• DATASET SECTION:
==========

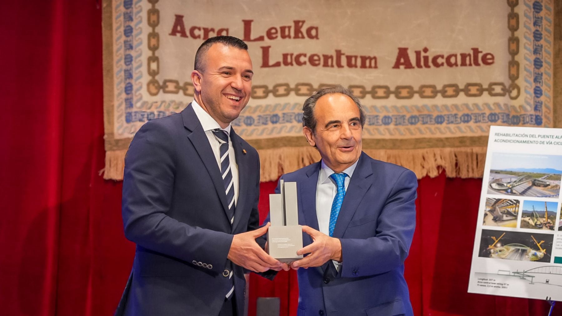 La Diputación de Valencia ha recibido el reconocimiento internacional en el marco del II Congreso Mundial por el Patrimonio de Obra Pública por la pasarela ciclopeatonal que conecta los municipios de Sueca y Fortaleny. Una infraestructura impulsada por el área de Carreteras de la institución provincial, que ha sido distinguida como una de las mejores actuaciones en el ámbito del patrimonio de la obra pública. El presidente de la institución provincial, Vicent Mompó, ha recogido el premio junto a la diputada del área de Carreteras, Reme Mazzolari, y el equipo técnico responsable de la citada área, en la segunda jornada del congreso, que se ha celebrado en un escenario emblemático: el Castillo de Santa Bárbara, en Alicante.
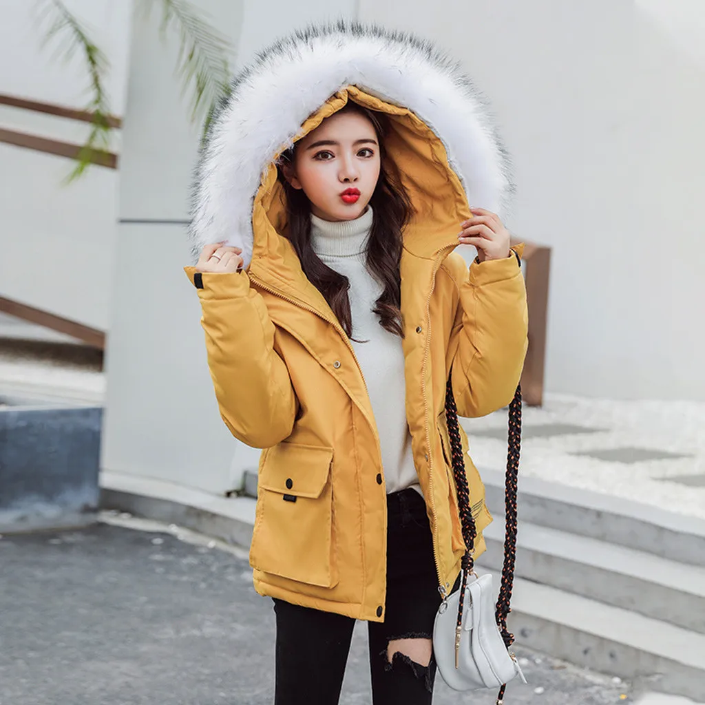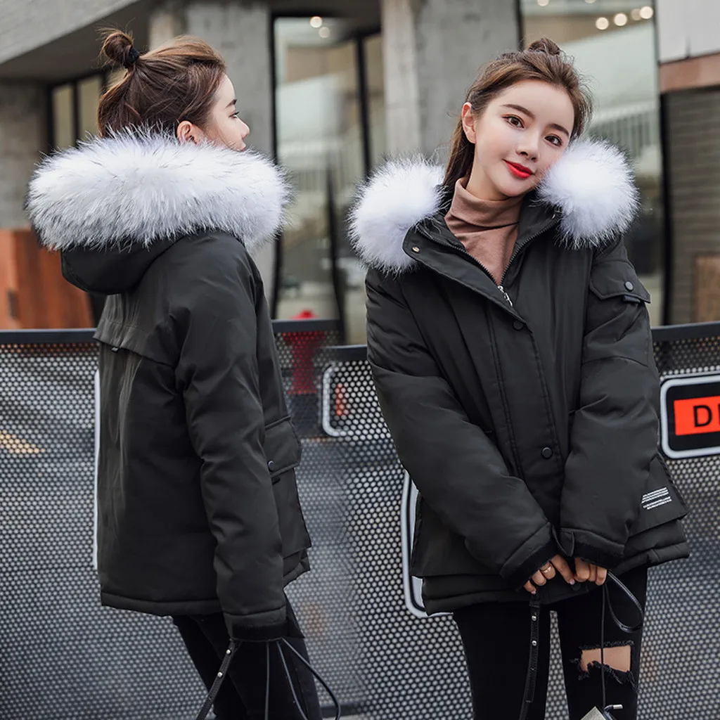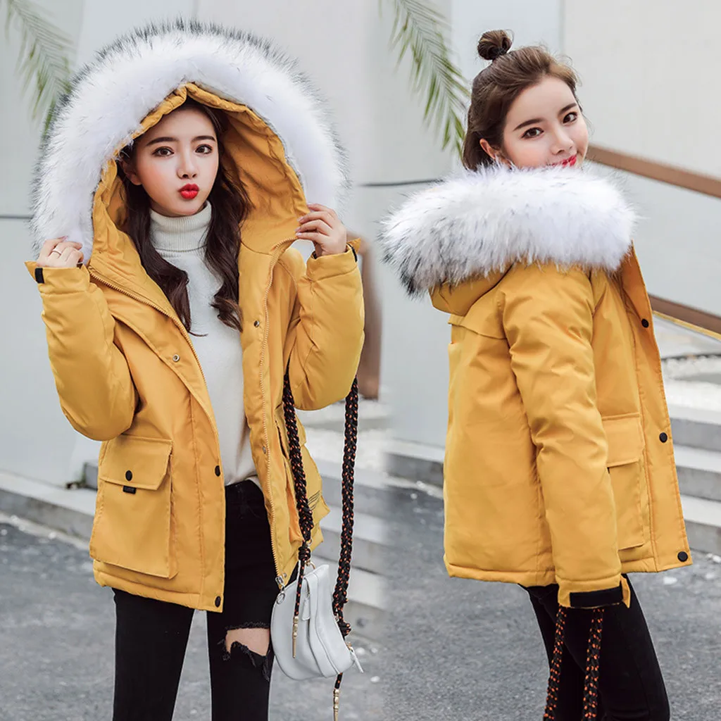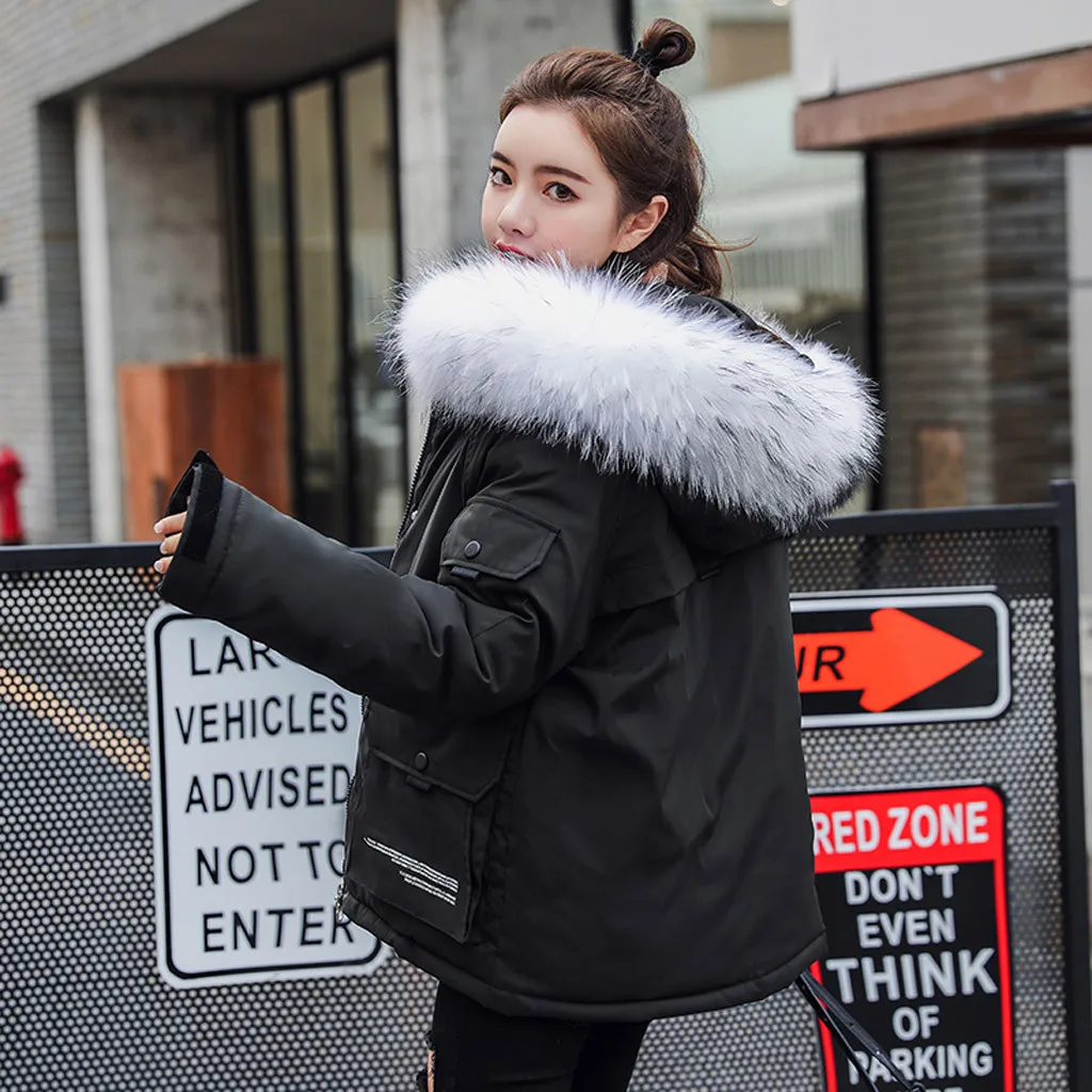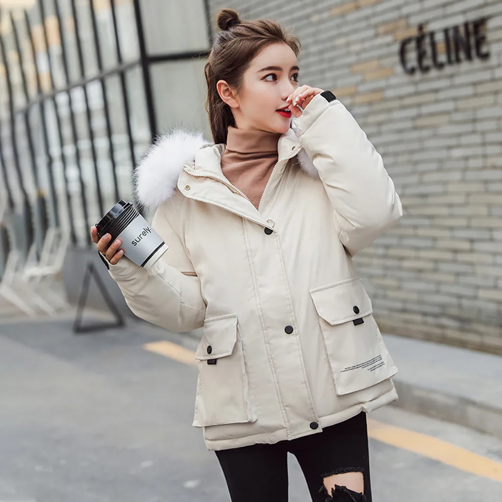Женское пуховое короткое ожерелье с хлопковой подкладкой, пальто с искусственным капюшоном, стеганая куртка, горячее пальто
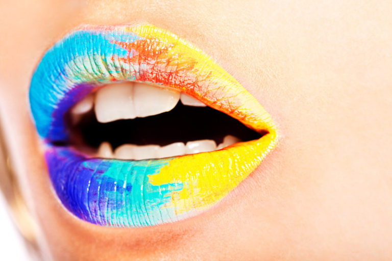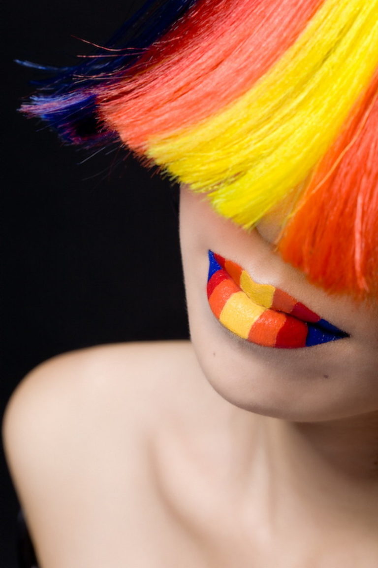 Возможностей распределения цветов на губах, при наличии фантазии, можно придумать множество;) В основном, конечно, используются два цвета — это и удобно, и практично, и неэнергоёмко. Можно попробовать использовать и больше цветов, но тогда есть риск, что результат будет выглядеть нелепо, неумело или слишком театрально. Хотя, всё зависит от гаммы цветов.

==========

With the pictures omitted, reproduce the data above exactly.

• ANSWER TO THIS PROBLEM:
 La Diputación de Valencia ha recibido el reconocimiento internacional en el marco del II Congreso Mundial por el Patrimonio de Obra Pública por la pasarela ciclopeatonal que conecta los municipios de Sueca y Fortaleny. Una infraestructura impulsada por el área de Carreteras de la institución provincial, que ha sido distinguida como una de las mejores actuaciones en el ámbito del patrimonio de la obra pública. El presidente de la institución provincial, Vicent Mompó, ha recogido el premio junto a la diputada del área de Carreteras, Reme Mazzolari, y el equipo técnico responsable de la citada área, en la segunda jornada del congreso, que se ha celebrado en un escenario emblemático: el Castillo de Santa Bárbara, en Alicante.
Женское пуховое короткое ожерелье с хлопковой подкладкой, пальто с искусственным капюшоном, стеганая куртка, горячее пальто
 Возможностей распределения цветов на губах, при наличии фантазии, можно придумать множество;) В основном, конечно, используются два цвета — это и удобно, и практично, и неэнергоёмко. Можно попробовать использовать и больше цветов, но тогда есть риск, что результат будет выглядеть нелепо, неумело или слишком театрально. Хотя, всё зависит от гаммы цветов.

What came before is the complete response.